=== DATA PROVIDED ===
- - - - - - -
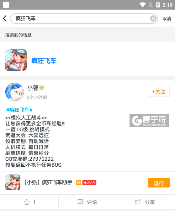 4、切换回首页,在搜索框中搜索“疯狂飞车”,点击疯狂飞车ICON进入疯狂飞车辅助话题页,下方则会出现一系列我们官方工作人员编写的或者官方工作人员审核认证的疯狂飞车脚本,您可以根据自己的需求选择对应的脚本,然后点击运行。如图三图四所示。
- - - - - - -
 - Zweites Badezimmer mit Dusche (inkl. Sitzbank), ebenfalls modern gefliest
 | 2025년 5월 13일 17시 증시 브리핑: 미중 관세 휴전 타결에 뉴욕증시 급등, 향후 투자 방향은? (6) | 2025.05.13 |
- - - - - - -
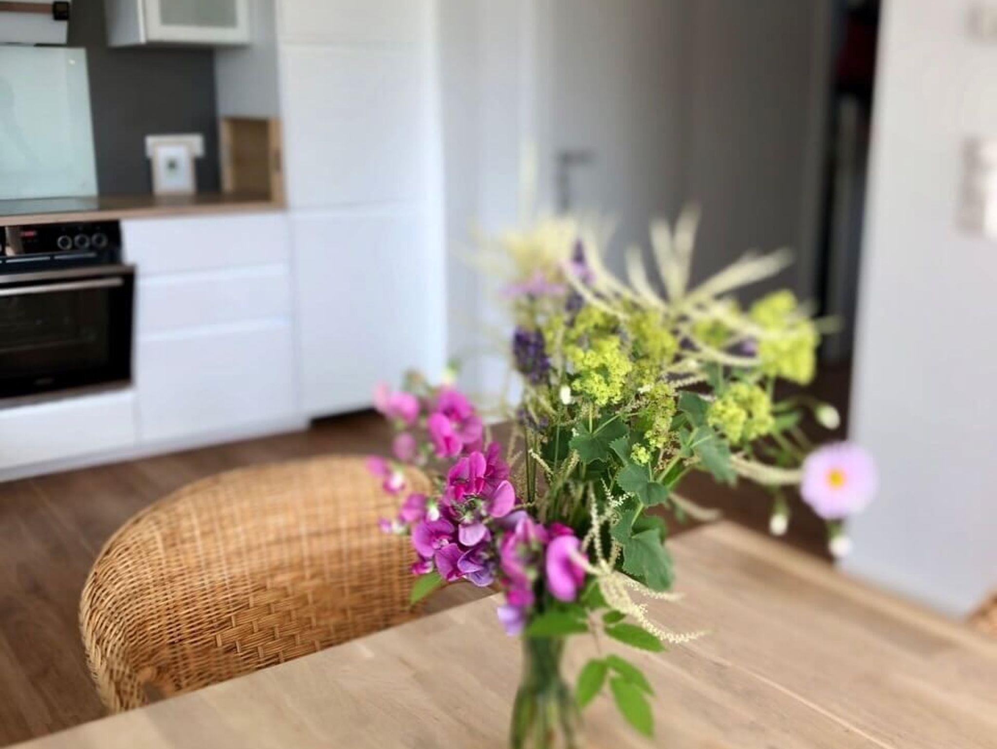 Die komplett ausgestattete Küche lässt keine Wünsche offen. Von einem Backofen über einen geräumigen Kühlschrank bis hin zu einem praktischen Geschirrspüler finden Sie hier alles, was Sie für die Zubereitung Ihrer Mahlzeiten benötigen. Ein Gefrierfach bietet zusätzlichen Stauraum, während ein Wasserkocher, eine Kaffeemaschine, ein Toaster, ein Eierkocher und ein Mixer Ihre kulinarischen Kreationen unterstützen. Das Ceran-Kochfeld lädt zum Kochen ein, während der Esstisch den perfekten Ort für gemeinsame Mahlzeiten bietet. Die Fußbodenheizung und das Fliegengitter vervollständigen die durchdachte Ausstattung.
- - - - - - -
=== TASK DIRECTIONS ===
Look above for the line with "- Zweites Badezimmer" and the line with "(6) | 2025.05.13 |". Retype those two lines and every line between them exactly, adding nothing.

=== TASK SOLUTION ===
 - Zweites Badezimmer mit Dusche (inkl. Sitzbank), ebenfalls modern gefliest
 | 2025년 5월 13일 17시 증시 브리핑: 미중 관세 휴전 타결에 뉴욕증시 급등, 향후 투자 방향은? (6) | 2025.05.13 |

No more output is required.